_Directions for this task_
The required output is a verbatim transcription of the listing, pictures excluded.

_Information_
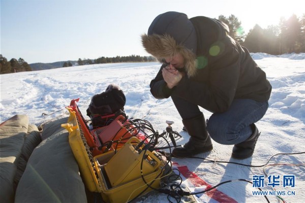 2月1日,在漠河县北极镇雪地上,科研人员使用自主研发的地面电磁探测系统探测地下结构,在寒冬中调试设备,呵气温暖双手。时下正值隆冬,中国科学院地质与地球物理研究所漠河空间环境野外观测站的科研人员在零下数十摄氏度的严寒环境中开展科研工作。据了解,中国科学院地质与地球物理研究所漠河空间环境野外观测站位于黑龙江省漠河县北极镇北约1公里处,是我国最北端开展空间环境观测的地球物理野外台站,对于观测研究我国空间环境扰动及传播具有重要作用。新华社记者 金立旺 摄
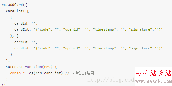 拿到這些數據之后,看下圖,是不是跟小程序官方文檔的一樣的,這樣就可以 打開卡券了
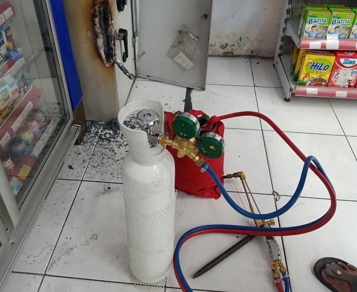 Di dalam minimarket, pelaku sudah merusak mesin ATM dengan cara di las namun belum berhasil mengeluarkan uang di dalam ATM.
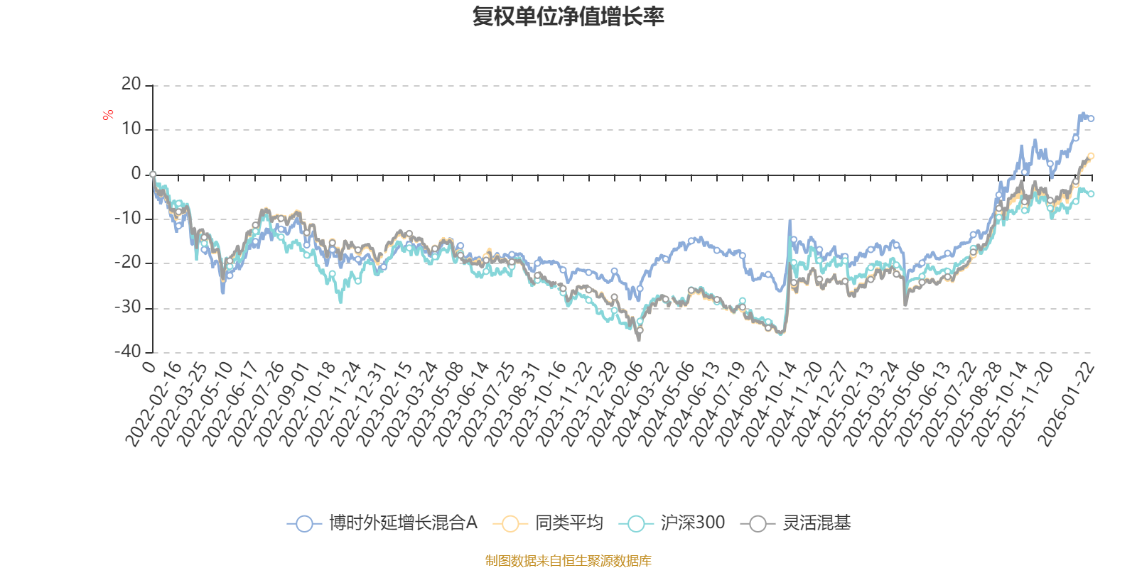 截至1月22日,博时外延增长混合A近三个月复权单位净值增长率为10.10%,位于同类可比基金566/1286;近半年复权单位净值增长率为30.11%,位于同类可比基金442/1286;近一年复权单位净值增长率为37.46%,位于同类可比基金552/1286;近三年复权单位净值增长率为34.97%,位于同类可比基金322/1286。
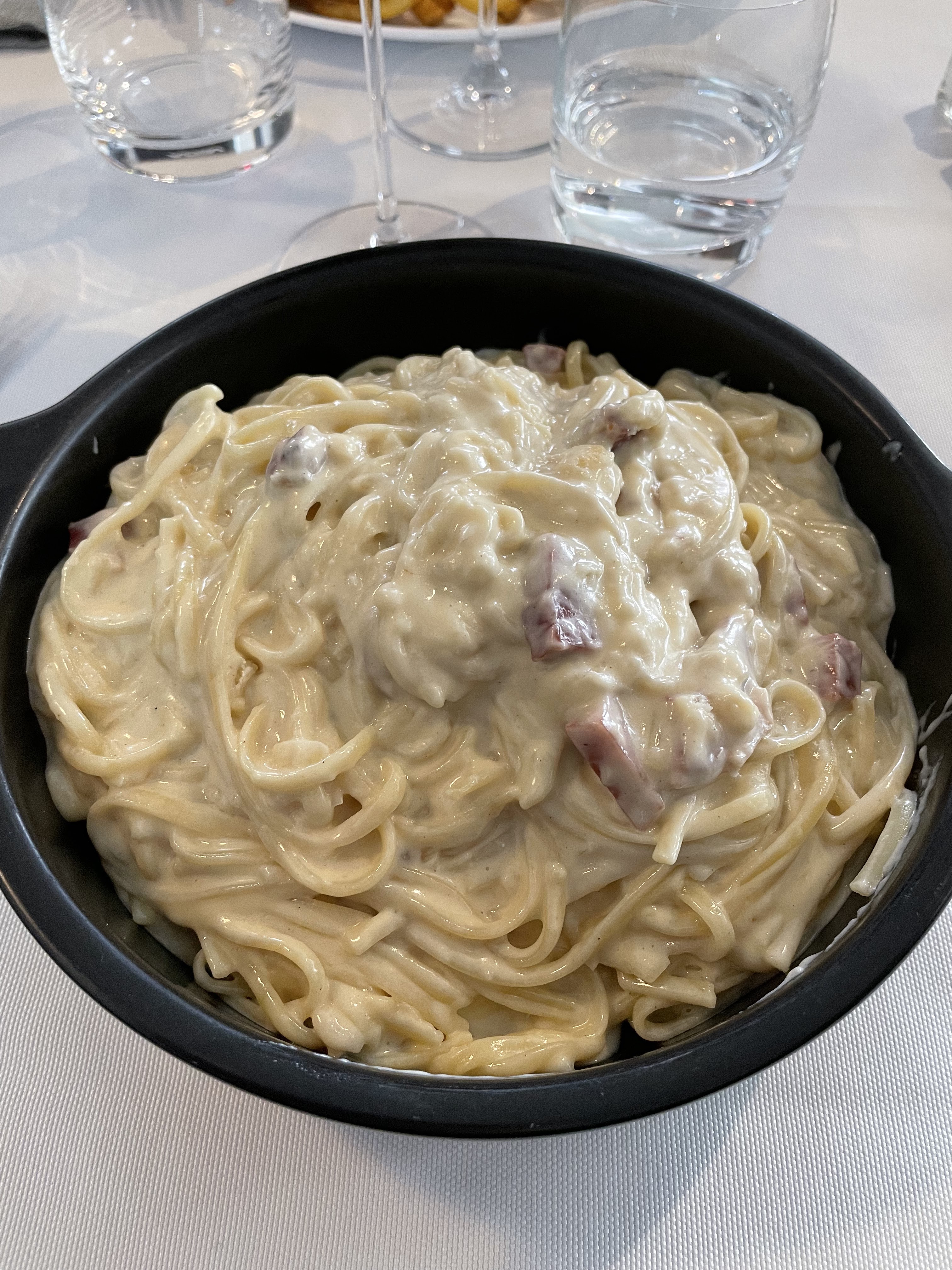 Nous avons été très bien accueillis et le plus important nous nous sommes régalés, pour cette première fois nous avons dégusté les linguine dans la meule de parmesan et c’était un régal ! Les assiettes sont copieuses et pour les petits estomacs pas de problème nous pouvons partir avec un doggy bag :)
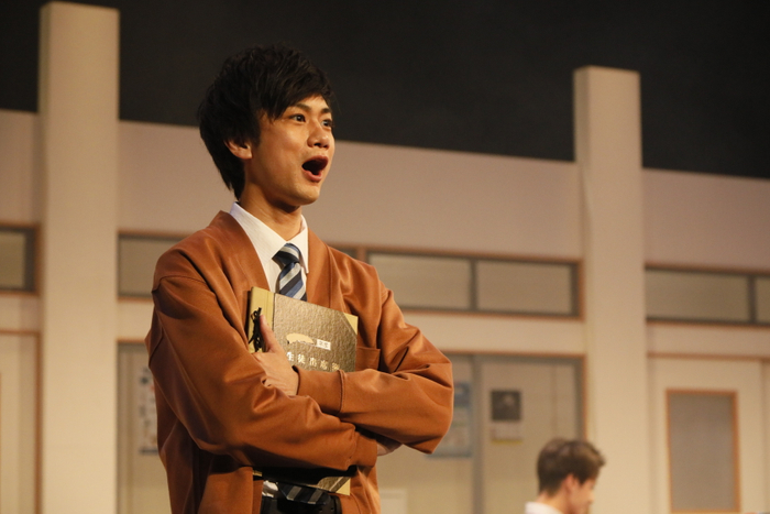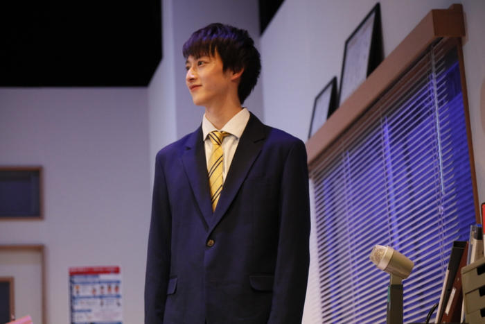 「新任教師・村田を演じます。役も新任ですが、僕自身も初めて舞台に立つので、緊張しています。(一緒に舞台に立つ)3人の先輩方に助けていただきここまで頑張ってきました。お稽古期間が短くて、最初は不安でしたが、この4人だからこそ、濃密な稽古の時間を過ごせたと思います。あとは本番を頑張るのみです!中学生時代の僕は、間違えたヘアセットをしていました(笑)それは間違いだよ!と伝えたいです。」
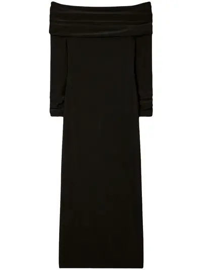 black off-shoulder concealed side zip fastening long sleeves straight hem mid-length
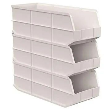 Each bin has been expertly crafted with reinforced ribs to prevent spreading under heavy loads, supporting weights of up to 60 pounds. This makes them ideal for a wide range of applications including garage or shed storage, hardware supplies, industrial items, or even kitchen essentials like canned goods. The beige color offers a neutral and clean aesthetic that seamlessly blends into any environment.
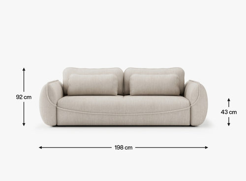 Zaokrąglona sylwetka pozbawiona ostrych krawędzi nadaje sofie elegancki, a zarazem nowatorski wygląd, jednocześnie gwarantując wysoki komfort użytkowania.
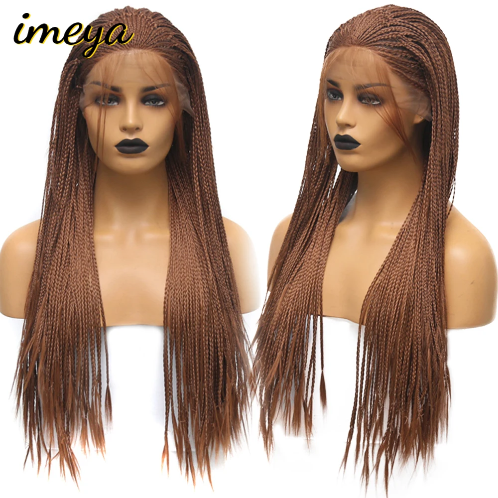 Cheap Offer for Imeya Braided Box Braids Wig Heat Resistant Fiber 24 Inch With Baby Hair Braided Synthetic Lace Fro

_Task answer_
 2月1日,在漠河县北极镇雪地上,科研人员使用自主研发的地面电磁探测系统探测地下结构,在寒冬中调试设备,呵气温暖双手。时下正值隆冬,中国科学院地质与地球物理研究所漠河空间环境野外观测站的科研人员在零下数十摄氏度的严寒环境中开展科研工作。据了解,中国科学院地质与地球物理研究所漠河空间环境野外观测站位于黑龙江省漠河县北极镇北约1公里处,是我国最北端开展空间环境观测的地球物理野外台站,对于观测研究我国空间环境扰动及传播具有重要作用。新华社记者 金立旺 摄
 拿到這些數據之后,看下圖,是不是跟小程序官方文檔的一樣的,這樣就可以 打開卡券了
 Di dalam minimarket, pelaku sudah merusak mesin ATM dengan cara di las namun belum berhasil mengeluarkan uang di dalam ATM.
 截至1月22日,博时外延增长混合A近三个月复权单位净值增长率为10.10%,位于同类可比基金566/1286;近半年复权单位净值增长率为30.11%,位于同类可比基金442/1286;近一年复权单位净值增长率为37.46%,位于同类可比基金552/1286;近三年复权单位净值增长率为34.97%,位于同类可比基金322/1286。
 Nous avons été très bien accueillis et le plus important nous nous sommes régalés, pour cette première fois nous avons dégusté les linguine dans la meule de parmesan et c’était un régal ! Les assiettes sont copieuses et pour les petits estomacs pas de problème nous pouvons partir avec un doggy bag :)
 「新任教師・村田を演じます。役も新任ですが、僕自身も初めて舞台に立つので、緊張しています。(一緒に舞台に立つ)3人の先輩方に助けていただきここまで頑張ってきました。お稽古期間が短くて、最初は不安でしたが、この4人だからこそ、濃密な稽古の時間を過ごせたと思います。あとは本番を頑張るのみです!中学生時代の僕は、間違えたヘアセットをしていました(笑)それは間違いだよ!と伝えたいです。」
 black off-shoulder concealed side zip fastening long sleeves straight hem mid-length
 Each bin has been expertly crafted with reinforced ribs to prevent spreading under heavy loads, supporting weights of up to 60 pounds. This makes them ideal for a wide range of applications including garage or shed storage, hardware supplies, industrial items, or even kitchen essentials like canned goods. The beige color offers a neutral and clean aesthetic that seamlessly blends into any environment.
 Zaokrąglona sylwetka pozbawiona ostrych krawędzi nadaje sofie elegancki, a zarazem nowatorski wygląd, jednocześnie gwarantując wysoki komfort użytkowania.
 Cheap Offer for Imeya Braided Box Braids Wig Heat Resistant Fiber 24 Inch With Baby Hair Braided Synthetic Lace Fro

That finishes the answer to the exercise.